§ Source material
[Start of section]
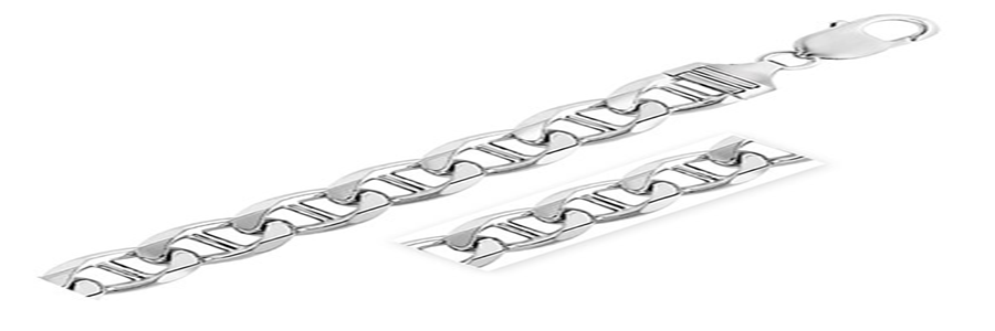 Sterling Silver Rhodium Plated Mariner Chain (10 mm) Stock Number: 03044 Rhodium plated mariner chain crafted in sterling silver measuring 10 millimeters in width. Available in lengths 24 inches and 26 inches.
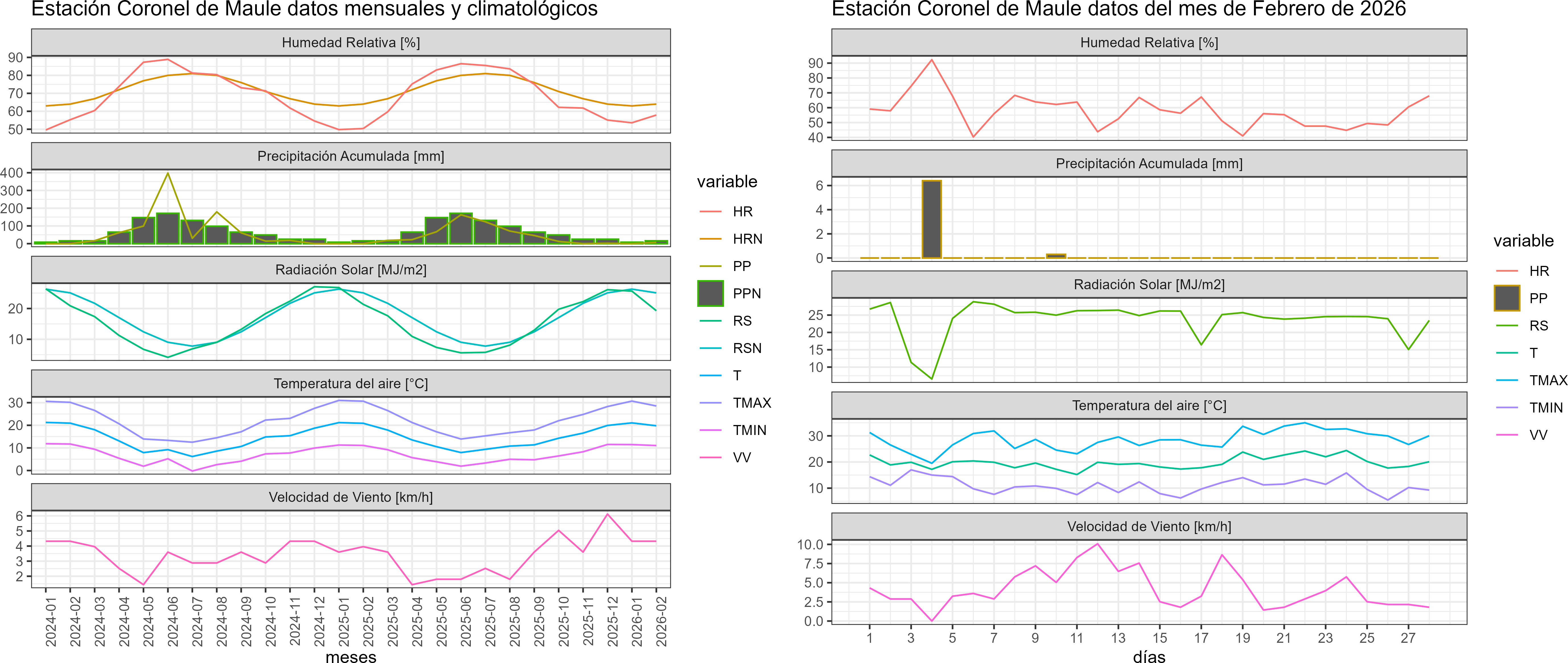 La estación Coronel de Maule corresponde al distrito agroclimático 7-8-3. Para este distrito climático la temperatura mínima, media y máxima climatológicas alcanzan los 11.2°C, 19.1°C y 27°C respectivamente. Por su parte, respecto a las temperaturas medidas durante el mes de febrero en la estación: la temperatura mínima alcanzo los 11°C (-0.2°C bajo la climatológica), la temperatura media 19.8°C (0.7°C sobre la climatológica) y la temperatura máxima llegó a los 28.5°C (1.5°C sobre la climatológica). En el mes de febrero se registró una pluviometría de 6.7 mm, lo cual representa un 60.9% con respecto al mismo mes de un año normal. De enero a febrero se ha registrado un total acumulado de 6.7 mm, en circunstancias que un año normal registraría a la fecha 15 mm, lo que representa un déficit de 55.3%. A la misma fecha, durante el año 2024 la precipitación alcanzaba los 0 mm.
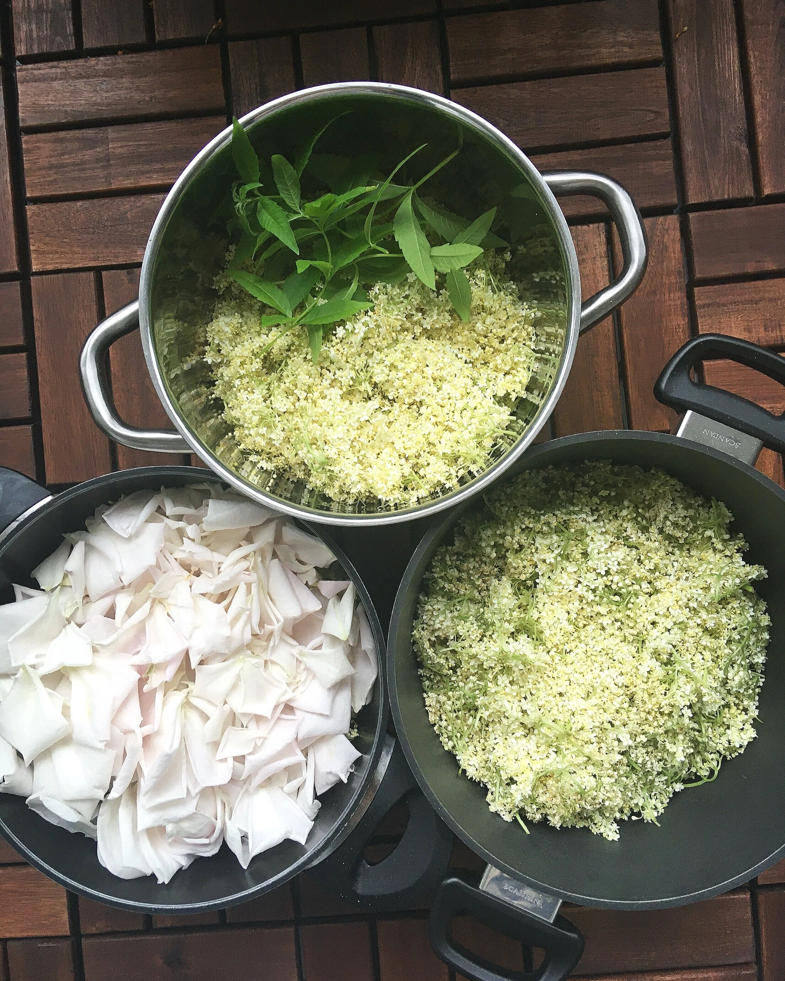 Så til ovenstående opskrift brugte jeg 45 skærme hyldeblomst og ca. 5 dl rosenblade.
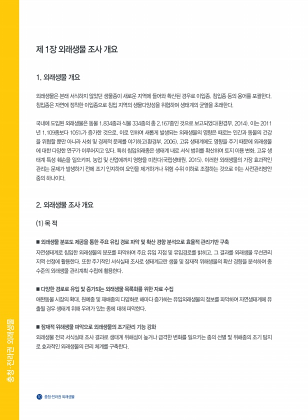 충청?전라권 외래생물 10 충청·전라권 외래생물 충청?전라권 외래생물 제 1장 외래생물 조사 개요 1. 외래생물 개요 외래생물은 본래 서식하지 않았던 생물종이 새로운 지역에 들어와 확산된 경우로 이입종, 침입종 등의 용어를 포괄한다. 침입종은 자연에 정착한 이입종으로 침입 지역의 생물다양성을 위협하며 생태계의 균열을 초래한다. 국내에 도입된 외래생물은 동물 1,834종과 식물 334종의 총 2,167종인 것으로 보고되었다 환경부, 2014 이는 2011 년 1,109종보다 105%가 증가한 것으로, 이로 인하여 새롭게 발생되는 외래생물의 영향은 때로는 인간과 동물의 건강 을 위협할 뿐만 아니라 사회 및 경제적 문제를 야기하고 환경부, 2006 , 고유 생태계에도 영향을 주기 때문에 외래생물 에 대한 다양한 ...
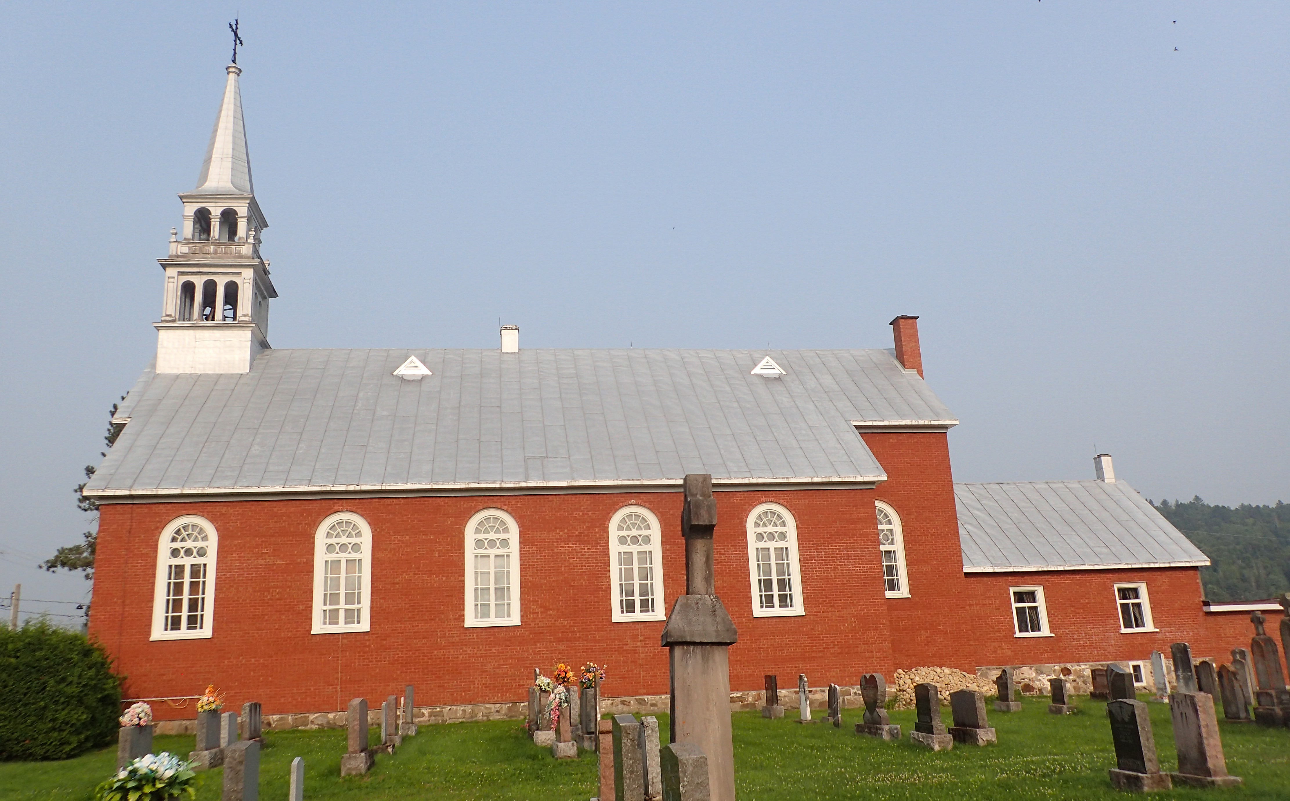 - les matériaux, dont le parement en brique, la couverture en tôle à baguettes, celle en tôle posée à la canadienne de la flèche, les fondations en maçonnerie de moellons ainsi que les éléments architecturaux et ornementaux en bois;
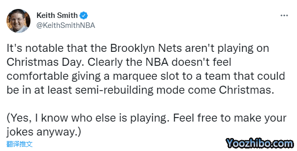 篮网、快船、热火等队都无缘年终大战,NBA名记Keith Smith发推写道:值得注意的是,布鲁克林篮网队没有参加年终大战。显然,NBA不想安排一支处于半重建模式的球队参加年终大战。
[End of section]
Your copy should match every record exactly and contain no pictures.

 Sterling Silver Rhodium Plated Mariner Chain (10 mm) Stock Number: 03044 Rhodium plated mariner chain crafted in sterling silver measuring 10 millimeters in width. Available in lengths 24 inches and 26 inches.
 La estación Coronel de Maule corresponde al distrito agroclimático 7-8-3. Para este distrito climático la temperatura mínima, media y máxima climatológicas alcanzan los 11.2°C, 19.1°C y 27°C respectivamente. Por su parte, respecto a las temperaturas medidas durante el mes de febrero en la estación: la temperatura mínima alcanzo los 11°C (-0.2°C bajo la climatológica), la temperatura media 19.8°C (0.7°C sobre la climatológica) y la temperatura máxima llegó a los 28.5°C (1.5°C sobre la climatológica). En el mes de febrero se registró una pluviometría de 6.7 mm, lo cual representa un 60.9% con respecto al mismo mes de un año normal. De enero a febrero se ha registrado un total acumulado de 6.7 mm, en circunstancias que un año normal registraría a la fecha 15 mm, lo que representa un déficit de 55.3%. A la misma fecha, durante el año 2024 la precipitación alcanzaba los 0 mm.
 Så til ovenstående opskrift brugte jeg 45 skærme hyldeblomst og ca. 5 dl rosenblade.
 충청?전라권 외래생물 10 충청·전라권 외래생물 충청?전라권 외래생물 제 1장 외래생물 조사 개요 1. 외래생물 개요 외래생물은 본래 서식하지 않았던 생물종이 새로운 지역에 들어와 확산된 경우로 이입종, 침입종 등의 용어를 포괄한다. 침입종은 자연에 정착한 이입종으로 침입 지역의 생물다양성을 위협하며 생태계의 균열을 초래한다. 국내에 도입된 외래생물은 동물 1,834종과 식물 334종의 총 2,167종인 것으로 보고되었다 환경부, 2014 이는 2011 년 1,109종보다 105%가 증가한 것으로, 이로 인하여 새롭게 발생되는 외래생물의 영향은 때로는 인간과 동물의 건강 을 위협할 뿐만 아니라 사회 및 경제적 문제를 야기하고 환경부, 2006 , 고유 생태계에도 영향을 주기 때문에 외래생물 에 대한 다양한 ...
 - les matériaux, dont le parement en brique, la couverture en tôle à baguettes, celle en tôle posée à la canadienne de la flèche, les fondations en maçonnerie de moellons ainsi que les éléments architecturaux et ornementaux en bois;
 篮网、快船、热火等队都无缘年终大战,NBA名记Keith Smith发推写道:值得注意的是,布鲁克林篮网队没有参加年终大战。显然,NBA不想安排一支处于半重建模式的球队参加年终大战。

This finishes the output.